And with Salt Lake County destined to have a new mayor next year, with retiring Democrat Peter Corroon to be replaced by either party colleague Ben McAdams or Republican Mark Crockett, Bradley said his experience will be valuable "in making this a seamless transition. The council has to provide leadership during this transition."

As Demma makes the rounds trying to build enthusiasm for his campaign, he said he has found support among young voters and residents of the county’s unincorporated east side. They are disenchanted in part, he said, with Bradley’s role in establishing a fee to pay for police coverage by the Unified Police District. That fee was replaced this year by a property tax.

Demma also feels Salt Lake County is wrong in proposing a $47 million bond for development of new parks facilities, contending the county should focus instead on fixing $200 million worth of deferred maintenance projects.

"Deferred maintenance is a budget bomb that is going to explode some time.
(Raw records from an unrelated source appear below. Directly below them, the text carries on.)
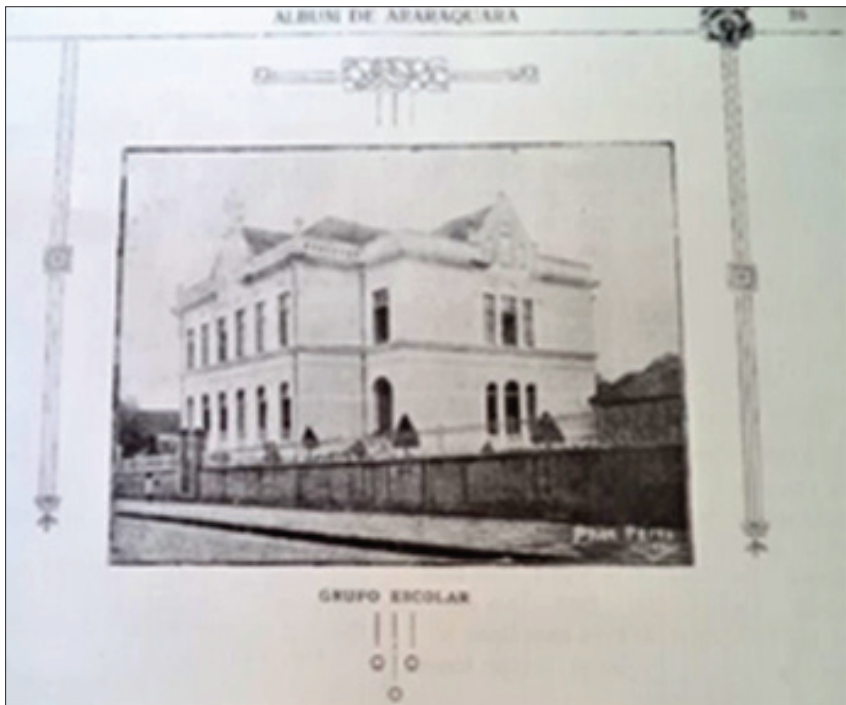
FIGURA 6 – Grupo Escolar de Araraquara

LEMMI e Photo Pérez são também os responsáveis pelo clichê do grupo escolar de Araraquara. O prédio foi construído em 1903, pelo governo do Estado, exclusivamente para funcionar como escola, conforme podemos observar na arquitetura neoclássica evidenciada, tendência muito difundida e ressignificada no Brasil por Ramos de Azevedo desde as últimas décadas do século XIX (WOLFF, 2010). No registro feito pelo grupo, temos uma tomada claramente diagonal e ascensional (FIGURA 6, 13,3 x 10 cm) num padrão de registro semelhante ao da Câmara Municipal.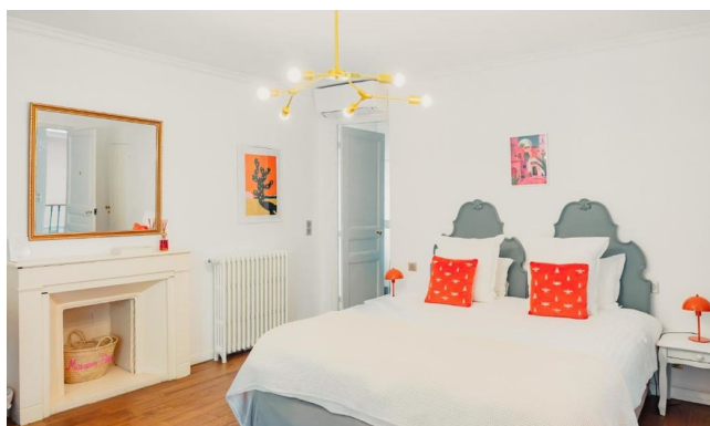
Chambre double - Hôtel gamme Privilège

Maison d'hôtes de style néoclassique datant de la fin du XIX e siècle située face au centre historique de Arles. Elle offre un emplacement privilégié au cœur de la ville tout en offrant un charme tranquille avec son jardin et sa terrasse ombragée. Les chambres, de style épuré et chaleureux, sont toutes équipées d'une literie de qualité et de la climatisation.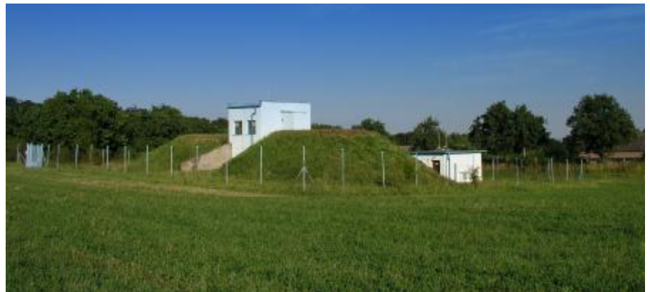
Vodojem nad obcou zabezpečuje plynulý prísun vody do domácností.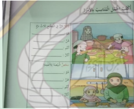
الشكل ١١. تدريبات علي القراءة الصفحة ٥٣

تم العثور على شكل العباء المزدوج في الصفحة ٥٣ من الفصل ٣ حول موضوع ممارسة الكتابة التي تصف دور الأسرة مثل الأم التي تحمل الأرز والأب يأكل وطفلاه يأكلون الطعام, ثم الصورة التالية هي رسم توضيحي لصورة أم وطفل يطبخان الطعام. توضح هذه الصفحة أن المرأة تتحمل عبئًا مزدوجًا، ألا وهو الطبخ وتحضير الطعام في المطبخ بينما يصور الرجل وهو يأكل الطعام المقدم. يمكن ملاحظة ذلك من خلال الصورة التالية: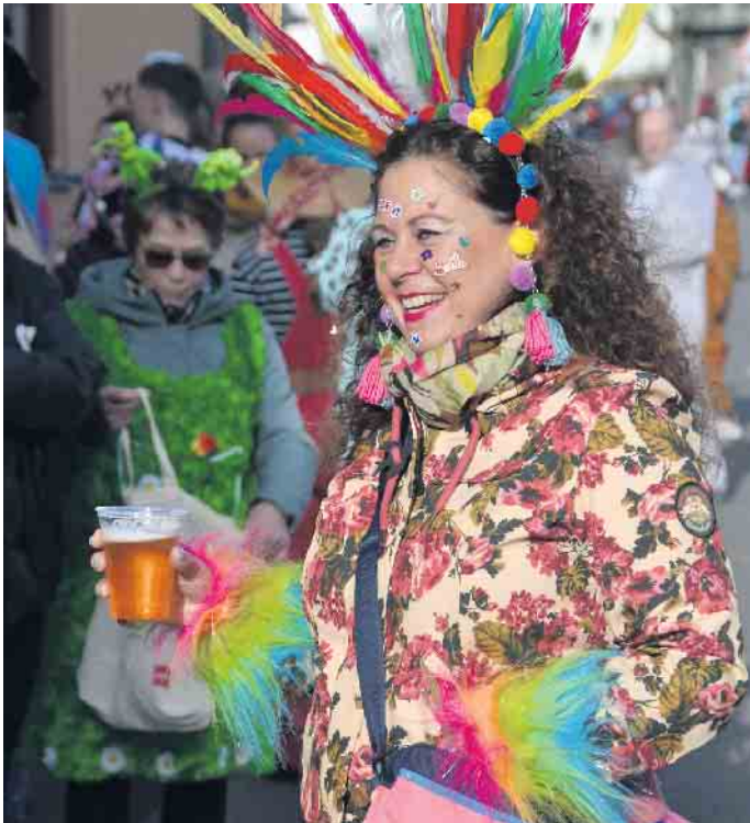
Auch am Zugrand wurden tolle Kostüme gesichtet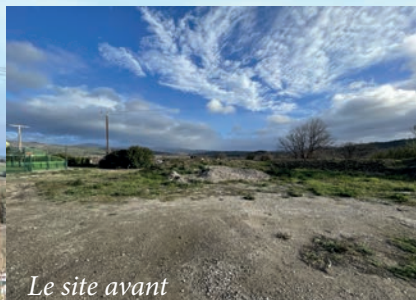
Le site avant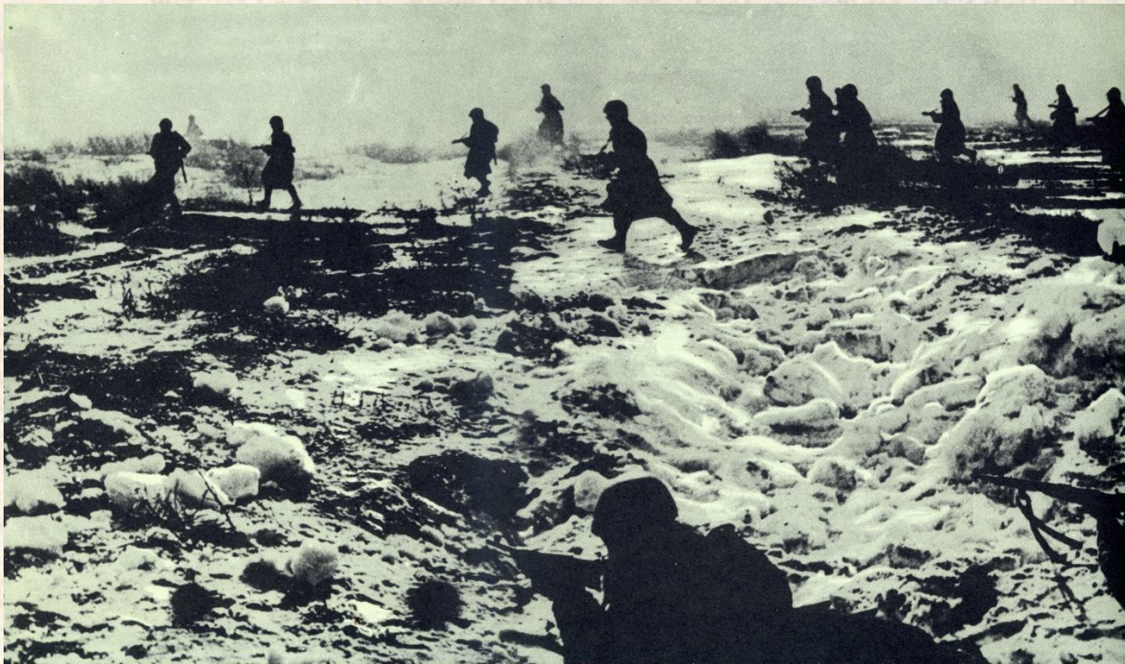
Бой у Пулкова.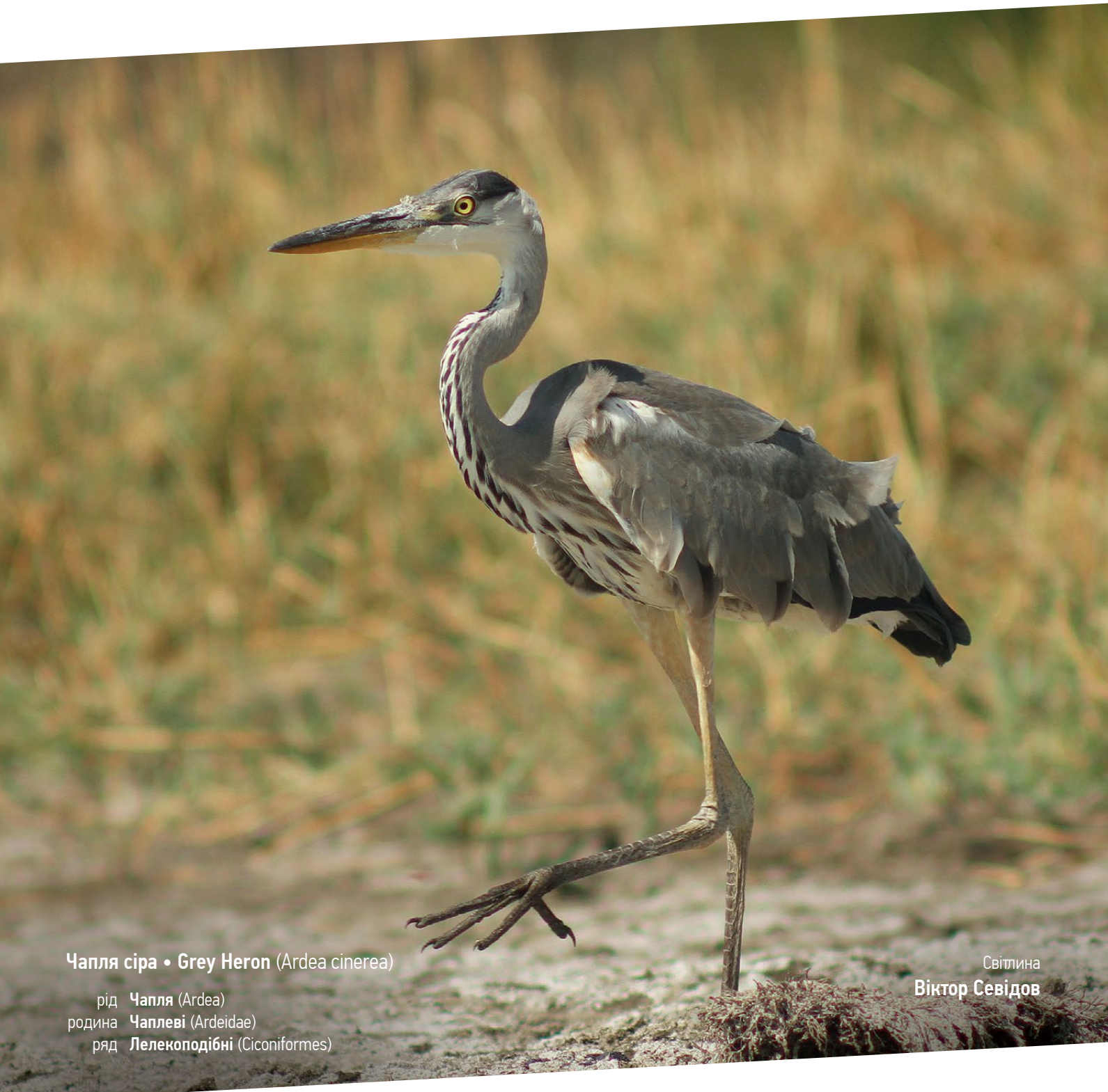
Чапля сіра • Grey Heron (Ardea cinerea)

рід Чапля (Ardea) родина Чаплеві (Ardeidae) ряд Лелекоподібні (Ciconiformes)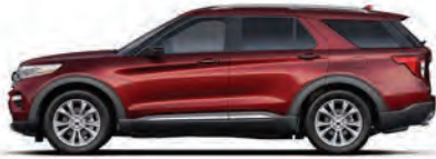
אדום מטאלי* (D4)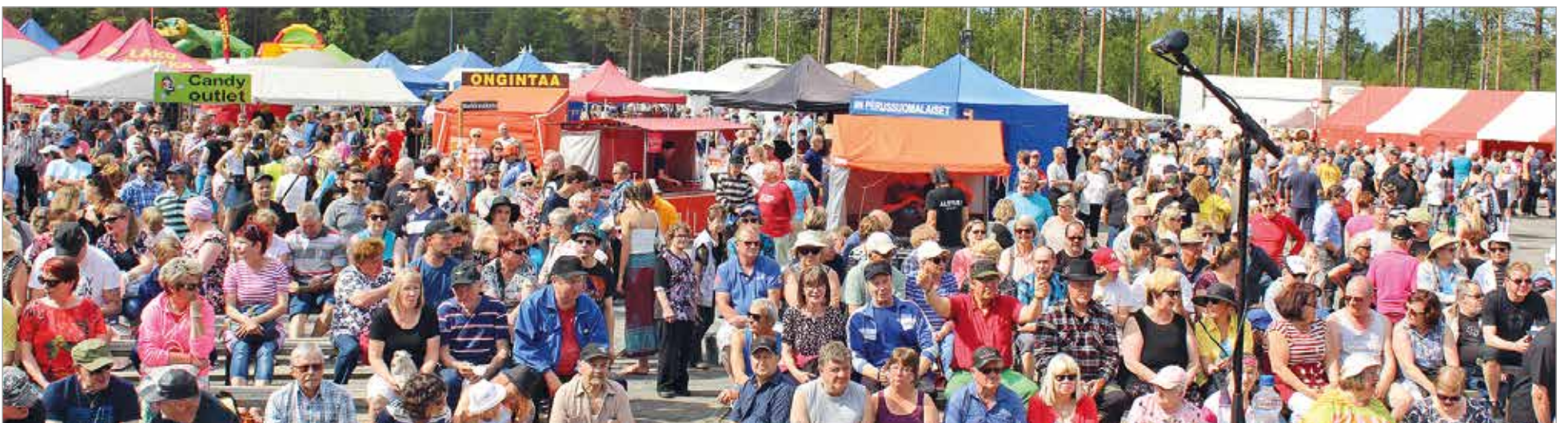
Markkinoilla kävi runsaasti yleisöä, joka kokoontui esitysten aikaan lavan lähetyville.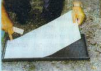
Pembuatan media tanam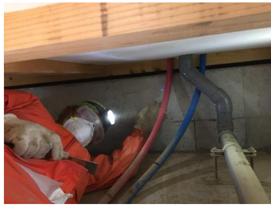
床下に潜っての活動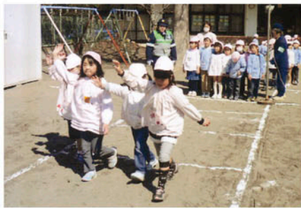
一宮 一宮保育所で模擬道路をしい道路横断の指導をする。

交通安全協会の活動にご協力いただきありがとうございます。会員の皆様の会費は、地元の交通安全協会の交通安全ボランティア活動に活用されています。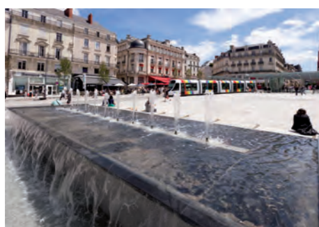
Place du Ralliement à Angers

Aux portes d'Angers et du vignoble de l'Anjou, la ville des Ponts-de-Cé est traversée par la Loire et jalonnée de nombreux ponts, lui ayant valu son nom. Au cœur du "Val de Loire" classé au Patrimoine mondial de l'UNESCO, cette charmante commune vous réserve un cadre de vie unique.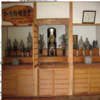
⑦ 戸次四国三十三ヶ所 2番札所・観音堂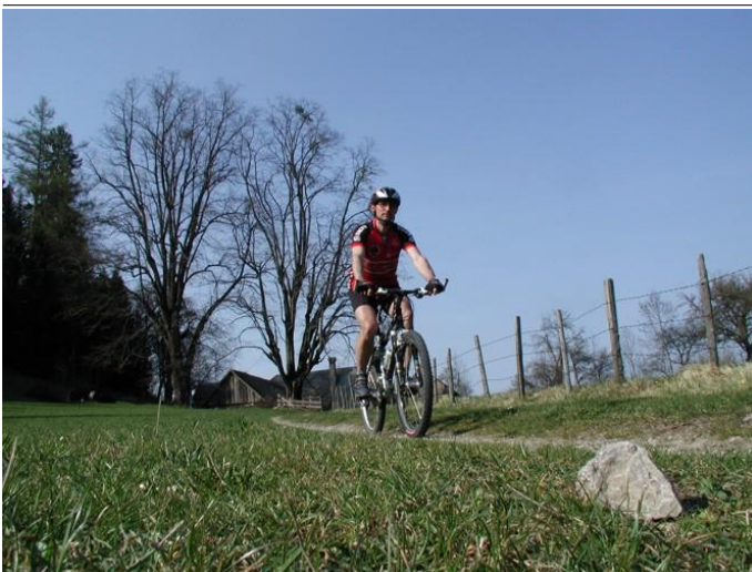
MTB Mostviertel Autor Unbekannt Quelle Mostviertel Tourismus GmbH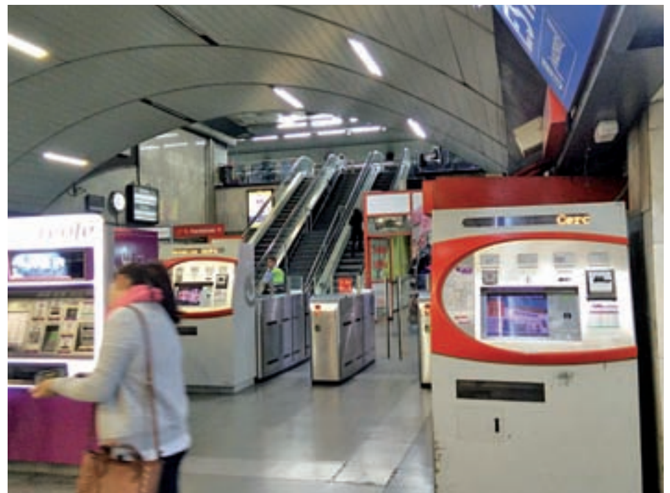
Escaleras mecánicas paradas en Méndez Álvaro

"En Atocha hay 10 personas en la parte de abajo y arriba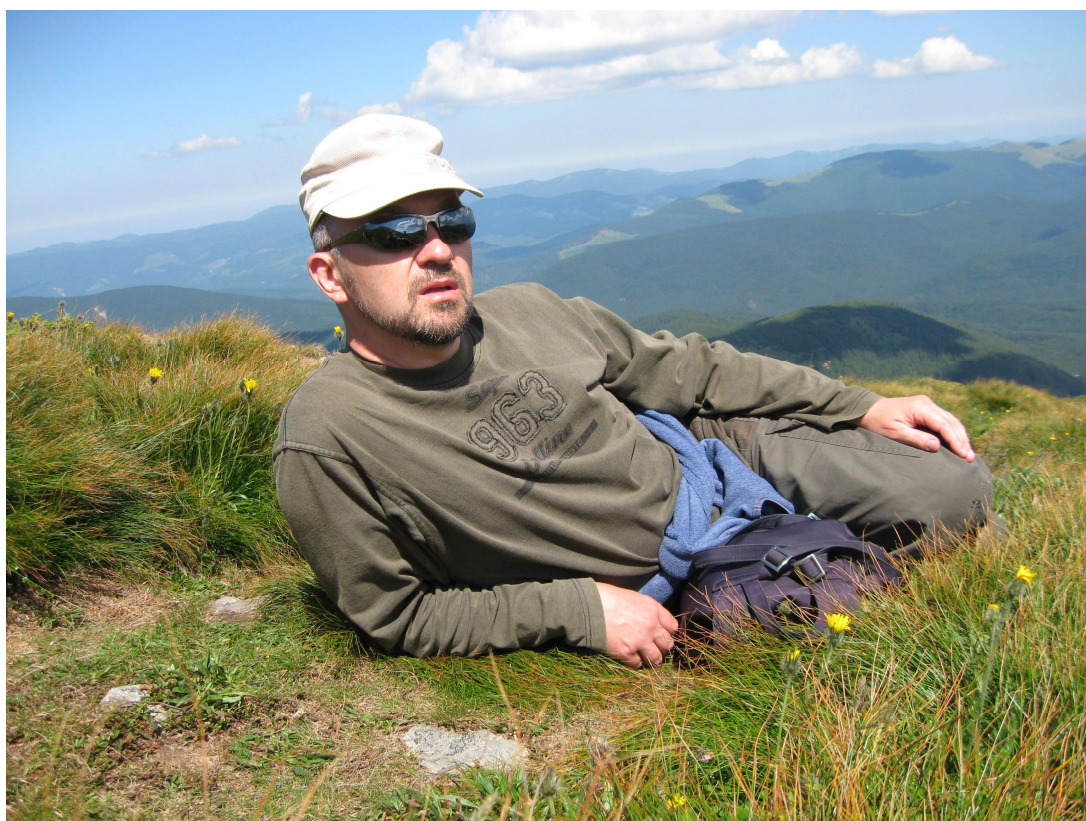
В Українських Карпатах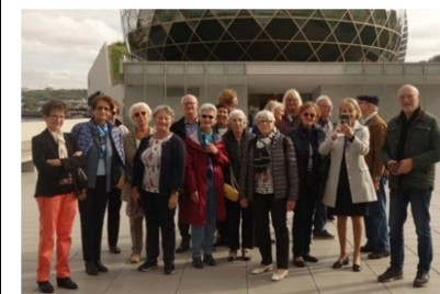
A la Seine Musicale le 16 octobre 2022

ACCUEIL/SORTIES de www.seniors-de-saclay.jimdofree.com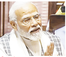
बिजली बनाकर कमाई करेंगे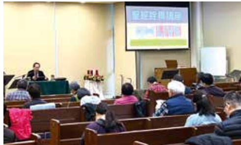
▲2022/12/17 聖經詮釋講座〈從加拉太書、馬太福音、羅馬書談福音〉—台北和平長老教會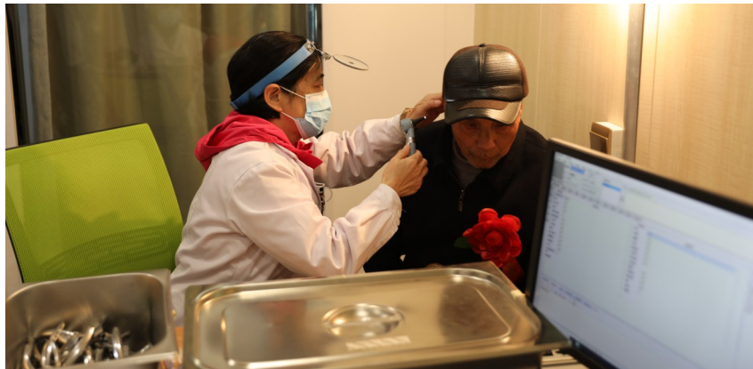
重点优抚对象在进行健康检查。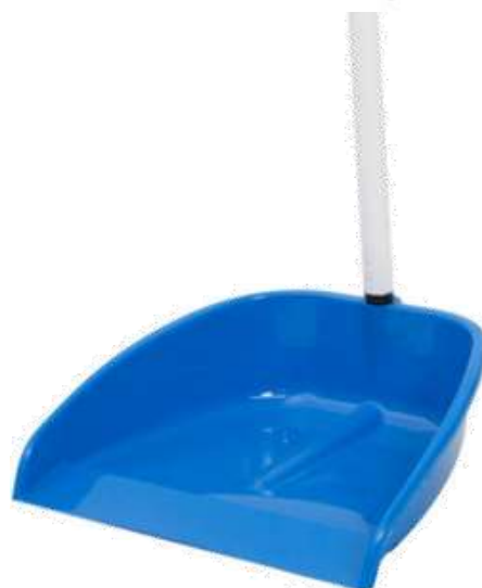
19748-PÁS PLASTICO GRANDE Com CABO PAMEX Cx.36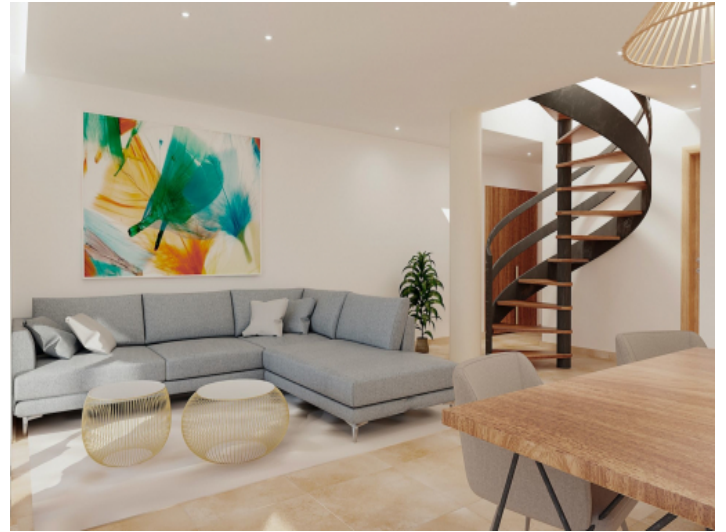
Offener Wohn- und Essbereich

It’s irresponsible not to address it," said Demma, who also favors creation of a "rainy day" fund to protect the county from future financial shocks.

And while he dislikes taxes and feels increases should be enacted only as a last resort, Demma said his dedication to transparency in government would mean that "if I ever came to the public with a tax increase, they would know I left no stone unturned in working to avoid that."

Bradley doesn’t think the police fee has become a campaign issue, mainly because it was adopted by a bipartisan group of council members. While it was not popular, he said, "given the time and given the options, it was the right course of action. We remedied the negative reactions from some of the population by lowering the fee and then eliminating it."

Working through complicated situations like that stimulates Bradley’s desire for public service. "I thoroughly enjoy and believe in local government as a way to immediately affect the quality of life of people in the community," he said. "I get personal reward out of that and think I’m halfway decent at it."

He also enjoys advocating for arts programs and urban farming, noting the latter "is not earth shaking but it’s fun and productive. It’s county government at its best, providing an opportunity to do real things for the community."